If you want to be happy then it's essential that you know yourself and what is important to you, especially when it comes to your relationships.
In my article "The power of red flags in relationships" I talked about the importance of noticing the warning signs in a relationship that someone does not have your best intentions at heart and acting on them before it's too late.
Everyone will have different red flags or warning signs based on what is important to them. A good way of identifying yours is to create an "absolute no" list.
An "absolute no" is a core issue or belief that you are not willing to compromise on, like fidelity, monogamy, religious beliefs or sense of humour. Whatever is important for you to the point that you won't tolerate it, is an absolute no for you in relationships.
Whilst it's healthy to compromise and negotiate on certain things, there will also be issues that are not worth compromising on if they go against your basic morals and emotional values. A good partner will understand these and not violate them and if for whatever reason they do, they'll make sure that they make it up to you in an appropriate way.
If you aren't sure about yours, take some time to identify them. What is a deal breaker for you ? What sort of behaviour would you not tolerate?

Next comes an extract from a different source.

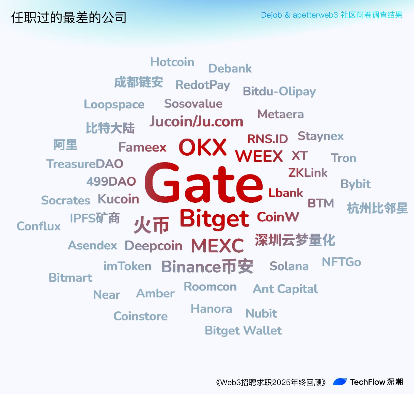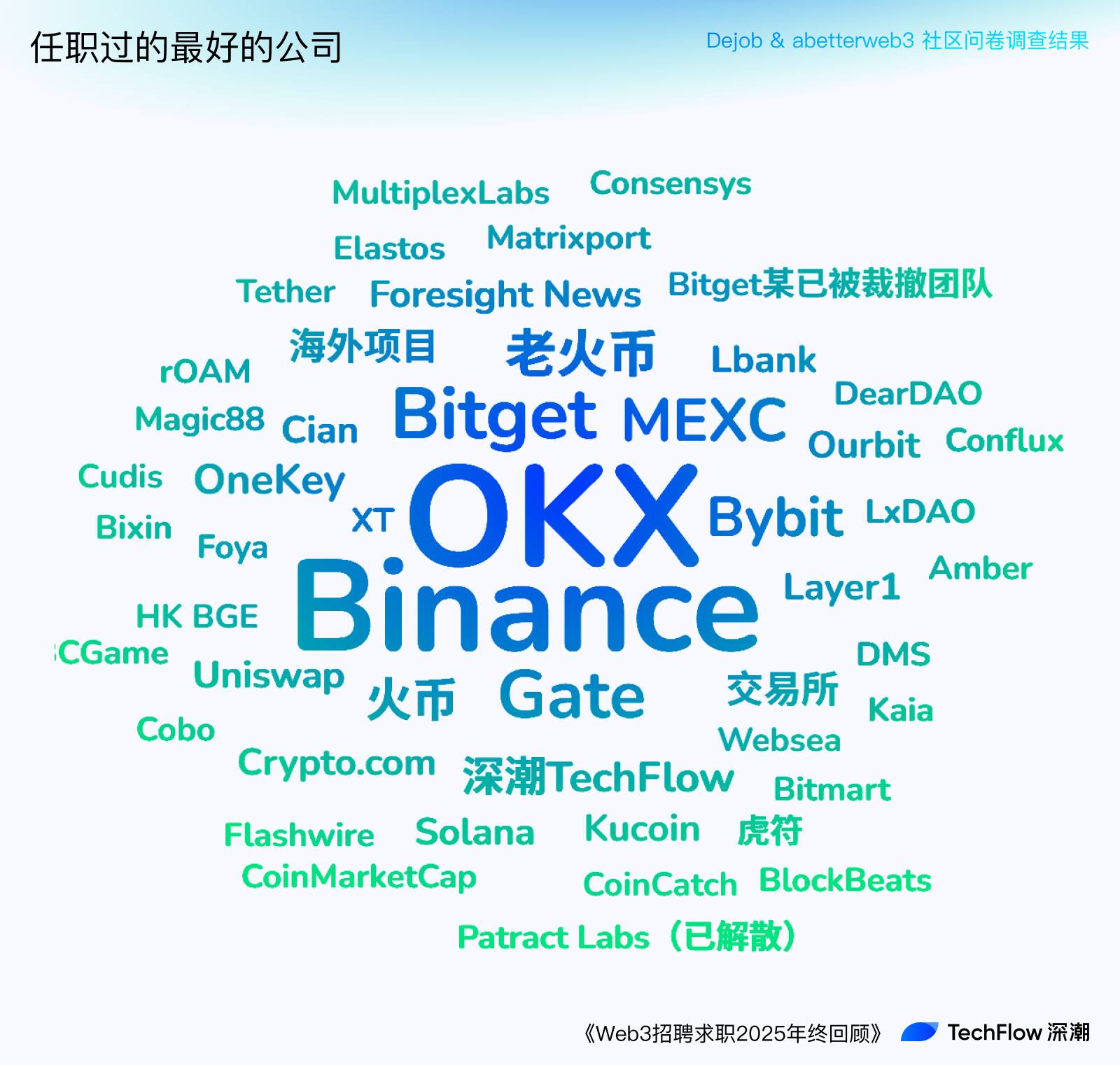 币安作为行业龙头不出意外的被评为榜首。作为“币圈腾讯”,币安既有圈外人的滤镜,也有行业内简历金字招牌的作用,在扶持个人职业生涯上名副其实。链上新贵 Hyperliquid 作为非交易所企业入围前 10,某种意义上反映了其社区的强壮和人们对非交易所产品的渴望。除头部交易所外,这个答案里外企/海外 infra 的名字显著增加,也某种意义上反映了大部分求职者对外企的滤镜和对华人团队的失望。

What issues or beliefs are you not willing to compromise on.
Knowing what is an absolute no for you allows you to create a healthy frame work of your own emotional boundaries with other people. Without them, you may feel like your standards are being violated or you are putting up with thing that you shouldn't have to.
Once you are clear on your own moral code it's much easier to find people who are on the same level as you, especially with dating. Make sure that you clearly communicate what is important for you in a relationship so that your partner is aware of them.
This is why it's important to discuss your absolute nos as soon as possible with someone that you are entering a relationship, make sure that you are both on the same page with key issues.
Behavioural psychologist and dating expert Jo Hemmings, said: "Your morals matter more than people might think when it comes to finding a well-suited love match, certainly over and above shared interests in life, like enjoying the same movies, food or music. If your fundamental values don't match, then you may well be in for an uncomfortable relationship journey. It is important to know from a potential partner that your moral compass is aligned when looking to find a soul mate."
When it comes to choosing your partners, be sure that you are clear on what the deal breakers are for you, the things you are open to compromise on and what you really want.